D. Rolando Álvarez vai mesmo ser julgado. Esta é a principal conclusão da audiência preliminar de terça-feira, 10 de Janeiro. O Tribunal de Manágua decidiu também manter o Bispo de Matagalpa em prisão domiciliária.
Não foi ainda divulgada a data do início do julgamento em que o prelado vai responder pela acusação de “conspiração” contra a integridade nacional e de “propagação de falsas notícias”, através das tecnologias de informação e comunicação “em detrimento do Estado e da sociedade nicaraguense”.
Na audiência de terça-feira, foi confirmado também o mandado de captura contra o Padre Uriel Antonio Vallejos, responsável pela paróquia de Jesus da Divina Misericórdia, na cidade de Sébaco, que enfrenta as mesmas acusações que o bispo e que está fora do país.
Esta audiência ocorre depois de a 13 de Dezembro, o tribunal ter admitido as acusações formuladas pelo procurador do Ministério Público contra D. Rolando Álvarez, de 56 anos, Bispo da Diocese de Matagalpa e também Administrador Apostólico da Diocese de Estelí, e que é o primeiro prelado a ser preso e processado desde 2007, quando Daniel Ortega regressou ao poder.
Juntamente com D. Álvarez, foram detidos por agentes da polícia seis sacerdotes, seminaristas e leigos que se encontravam com o bispo na madrugada de 19 de Agosto no palácio episcopal.
A Diocese de Matagalpa pediu entretanto aos fiéis para rezarem por D. Rolando Álvarez que é, neste momento, um dos rostos mais visíveis da perseguição à Igreja pelo regime de Ortega.

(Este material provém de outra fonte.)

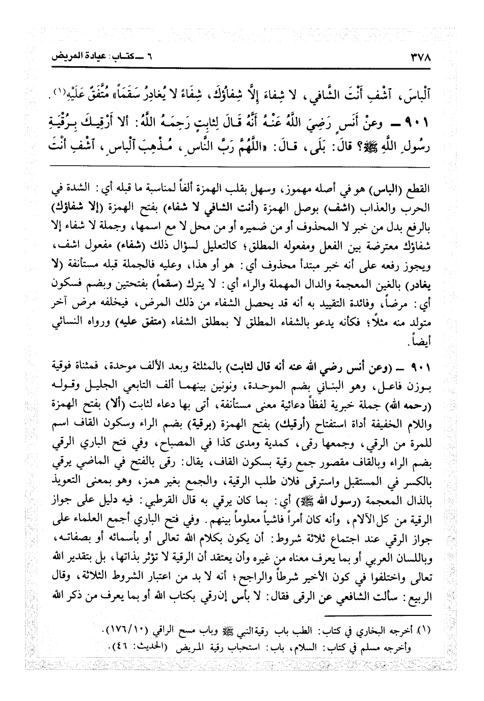 القطع (الباس) هو في أصله مهموزاً وسهل بقلب الهمزة ألفا لمناسبة ما قبله: أي الشدة في الحرب والعذاب (اشف) بوصل الهمزة (أنت الشافي لاشفاء) بفتح الهمزة (إلا شفاؤك) بالرفع بدل من خبر لا المحذوف أو من ضميره أو من محل لا مع اسمها، وجملة لا شفاء إلا شفاؤك معترضة بين الفعل ومفعوله المطلق كالتعليل لسؤال ذلك (شفاء) مفعول اشف، ويجوز رفعه على أنه خبر مبتدأ محذوف: أي هو أو هذا وعليه فالجملة قبله مستأنفة (لا يغادر) بالغين المعجمة والدال المهملة والراء: أي لا يترك (سقماً) بفتحتين وبضم فسكون: أي مرضاً، وفائدة التقييد به أنه قد يحصل الشفاء من ذلك المرض فيخلفه مرض آخر متولد منه مثلاً فكأنه يدعو بالشفاء المطلق لا بمطلق الشفاء (متفق عليه) ورواه النسائي أيضاً.
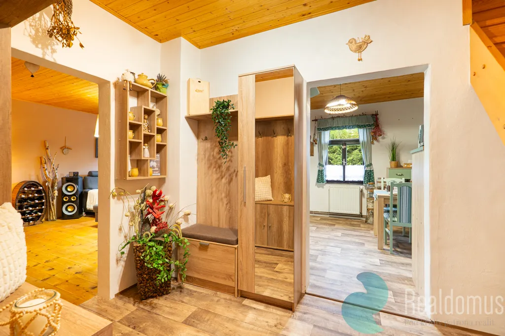 REALDOMUS nabízí ve výhradním zastoupení majitele k prodeji rodinný dům na okraji obce Nahořany nedaleko Českého Krumlova. K domu o dispozici 4+1 náleží krytá veranda, útulná terasa a rozlehlý pozemek, který nabízí nejen dostatek soukromí, ale i prostor pro odpočinek nebo aktivní trávení volného času. Zahrada s menším jezírkem a řadou příjemných zákoutí je ideálním místem pro relaxaci či rodinné posezení. Praktickým bonusem je samostatná dílna, která potěší každého kutila nebo tvořivého ducha.

Antes de o Bispo ter sido colocado em prisão domiciliária, o governo de Daniel Ortega expulsava o Núncio Apostólico, Waldemar Stanislaw Sommertag, forçava a saída do país das Missionárias da Caridade, a congregação fundada pela Santa Madre Teresa de Calcutá, assim como de outros religiosos e sacerdotes, e provocava também o encerramento do canal de televisão da Conferência Episcopal e de outras seis estações de rádio católicas.
Ainda recentemente, em Novembro, foi publicada a edição actualizada do relatório “Nicarágua: uma Igreja perseguida?”, da responsabilidade da advogada e investigadora Martha Patricia Molina. Segundo esse relatório, houve, no período entre Abril de 2018 e Outubro de 2022, 396 ataques contra a Igreja Católica neste país da América do Sul.
Entre as quase quatro centenas de episódios documentados, há relatos de profanações, roubos, ameaças e discurso de ódio. Durante este período, foram vários os bispos, padres, irmãs e leigos visados pelas autoridades.
O trabalho de Martha Molina permite fazer um retrato pormenorizado do estado a que chegou a Nicarágua face ao abuso sistemático de direitos humanos. “Hoje , estudantes, camponeses, médicos, professores, padres, freiras, seminaristas, jornalistas, advogados, leigos da Igreja Católica e defensores dos direitos humanos são criminalizados pelo sistema de justiça do país e, como consequência, à data da publicação deste estudo, há 2194 prisioneiros políticos e milhares de cidadãos forçados ao exílio.”
A prisão de D. Rolando Álvarez provocou inúmeras reacções. Desde o Papa Francisco, até às Conferências Episcopais de Cuba, Itália e Brasil, passando pelo secretário-geral da ONU e o Parlamento Europeu, foram muitas já as vozes que se ergueram já em defesa do Bispo e de repúdio pela situação em que se encontra.
Também a Fundação AIS já expressou publicamente a sua condenação pela forma como as autoridades nicaraguenses estão a agir. Regina Lynch, directora de projectos internacionais da Fundação AIS, afirmou, logo após a detenção de D. Rolando, que se está a assistir a “uma tentativa de silenciar a Igreja na Nicarágua”. E acrescentou que não há uma solução fácil para esta situação. “Precisamos de apoiá-los tanto quanto possível. Temos de rezar para que possa haver uma solução pacífica e não um aumento adicional das hostilidades”, acrescentou ainda a responsável da Ajuda à Igreja que Sofre.
A Fundação AIS tem uma grande proximidade não só com a Igreja nicaraguense como também com o Bispo de Matagalpa, agora detido.
Prova disso, durante a sua última visita à sede internacional da AIS, em 2019, o Bispo Alvarez, fez questão de referir o trabalho conjunto que se vem realizando há vários anos com o apoio da fundação pontifícia e de agradecer a ajuda dos benfeitores da instituição espalhados pelos quatro cantos do mundo.